Last week on NBC’s Today Show, national investigative journalist Jeff Rossen, of Rossen Report fame, showed once again a wine social experiment conducted in New York in 2016 with a young savvy group of wine-tasters.

The group was invited to a Rossen Report wine tasting to determine if these experienced wine aficionados could tell the difference between cheap and expensive wine. The guests were not told that all of the wines they would be tasting were Black Box boxed wines, which if bottled would sell for about $5.

Prior to the arrival of the guests, Rossen’s staff filled bottles from boxes of sauvignon blanc and pinot noir. They had fancy labels printed reading “Boite du vin” (French for “box wine”).

Rossen worked the room during the course of the evening, questioning guests for their opinions on wines served.

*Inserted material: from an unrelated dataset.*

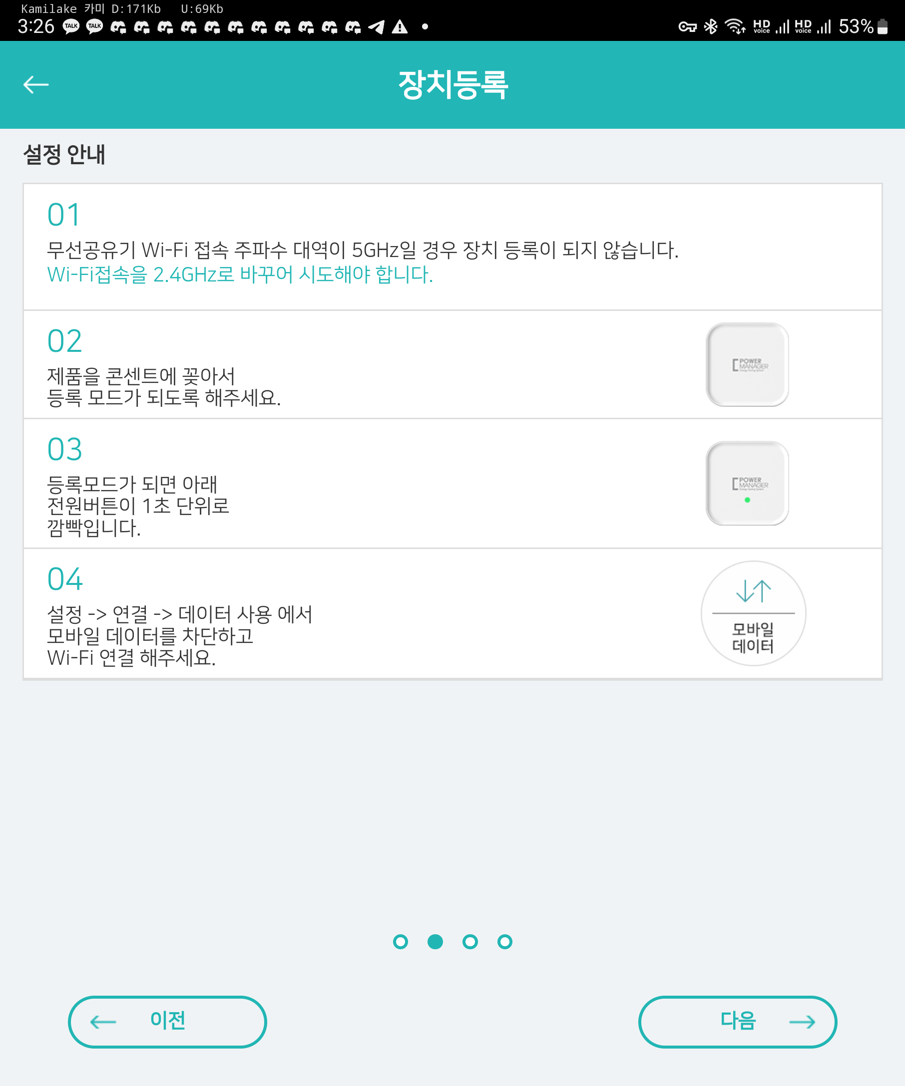 이 전력 측정기도 마찬가지이기 때문에 앱을 켜서 연결할게요.

All guests gave favorable reviews, using words like “refreshing,” “smooth,” “yummy,” “full bodied” and “spice notes.” In other words, there was a lot of wine-speak in the room.

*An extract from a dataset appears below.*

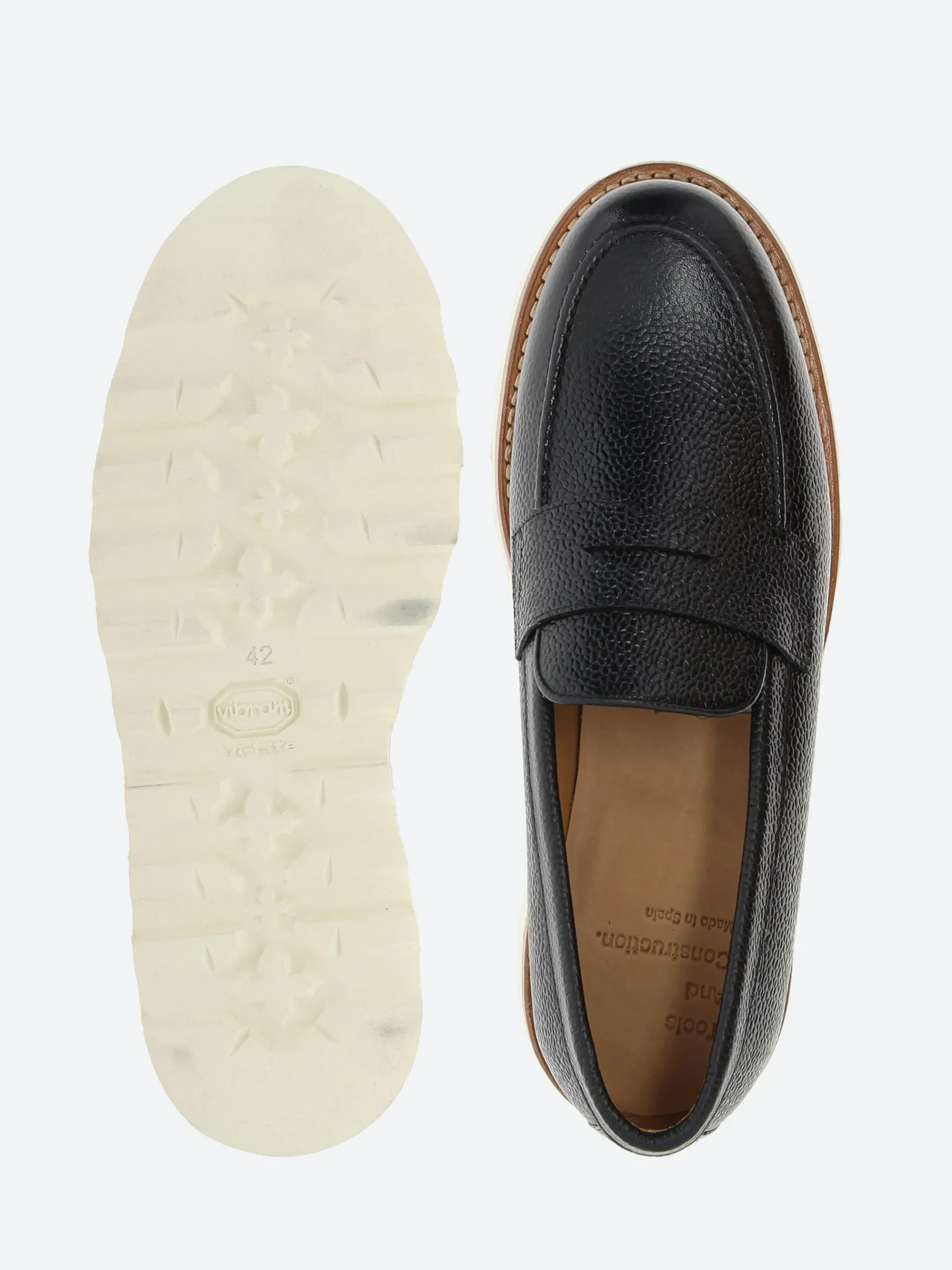 Tools and Construction Dexter loafer with a classic penny keeper, sits on a storm welt Vibram sole.

After the initial tasting, Rossen asked guests to evaluate two different glasses of wine and then tell which of the two wines they liked best. He did not tell them the glasses were filled from the same box. In each instance, the guests all had a preference, although the wines were identically the same.

Before revealing the ruse, Rossen asked guests how much they would be willing to pay for the wines served that evening. All questioned said they would pay from $20 to $48 dollars for such a bottle.

All took the deception in good stride when the facts of the evening were revealed. When asked if they would serve the wines they had enjoyed that evening, one participant answered affirmatively — if Rosen would loan her his fancy bottles.

While Rossen tricked his guests, even experts can be fooled if they are tasting wine blindly, even after being truthfully told one wine is expensive and the other is not. Wine literature is replete with examples of such experiments, proving experts can be fooled.

One such experiment was undertaken by Frederic Brochet, a researcher from Bordeaux who asked 57 wine experts to evaluate two glasses of red wine. Unbeknownst to the tasters, one of the wines was actually a white wine that had been tinted with red food coloring. Not one of the 57 wine experts picked up on the fact that the colored wine was actually a white wine.

In a second test, Brochet poured generic red Bordeaux into two different bottles, one with a grand cru label and the other with an ordinary table wine label. Though the wines were identical, the one with the fancy grand cru label got favorable reviews from the experts, while the table wine was described as “weak,” “short,” “light,” “flat” and “faulty.”

Is there a moral to all of this? Yes, don’t be guided by price alone, because it is not necessarily an indication of quality.

Taste an array of wines without price consideration. Don’t dismiss a wine because it is moderately priced, but most of all, don’t let price influence expectations for a wine’s performance.

For the new year, aspire to drink wines you find pleasing — even if they come from a can, box or an etched bottle.